Remote fields vs sync options

quba42 · August 18, 2022, 2:09pm

Currently we either store what might be termed “sync options” on the remote, or else they can be specified on the sync API endpoint. Now it is not entirely obvious to me why for example remote.policy (can be one of immediate, on_demand, streamed) is a remote option, but for example the pulp_rpm sync_policy (can be one of additive, mirror_complete, mirror_content_only) can only be specified at the time of the sync. Neither really tell us anything about the remote repository itself. I have also noticed that any sync options provided to the sync API endpoint at the time of the sync, tend to be extremely ephemeral.
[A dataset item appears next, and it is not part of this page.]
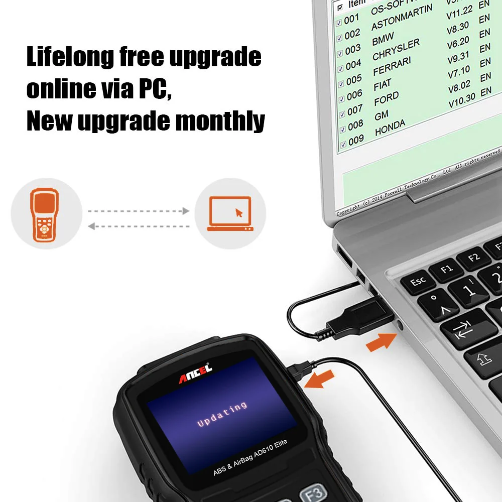 По сравнению с другим диагностическим инструментом подушки безопасности автомобиля, Ancel AD610 Elite может сбросить модуль управления подушки безопасности после замены подушки безопасности. Этот элитный сканер Ancel AD610-это просто идеальный диагностический инструмент сброса подушки безопасности для владельцев автомобилей, которые не могут ждать.

When using Pulp via Katello (for example), it can be pretty difficult to find out for certain if Katello really has passed some expected sync option to Pulp.

In summary I have two questions for discussion:

Do we have some organizing principle for what should be a remote field, and what should be a sync API endpoint option?
Do we want sync API endpoint options to be ephemeral, or should we systematically log or store them somewhere for debugging?

In some sense question 2 also applies to remotes, since the remotes can be changed after use, or the information what remote was used for a particular sync can be lost when the sync task is deleted (as old tasks eventually tend to be).

See also:

x9c4 · August 18, 2022, 3:09pm

I don’t have an answer for you, but i recall that at some point i heard they should live in both places: Persistent on the remote and overrulable on a sync call.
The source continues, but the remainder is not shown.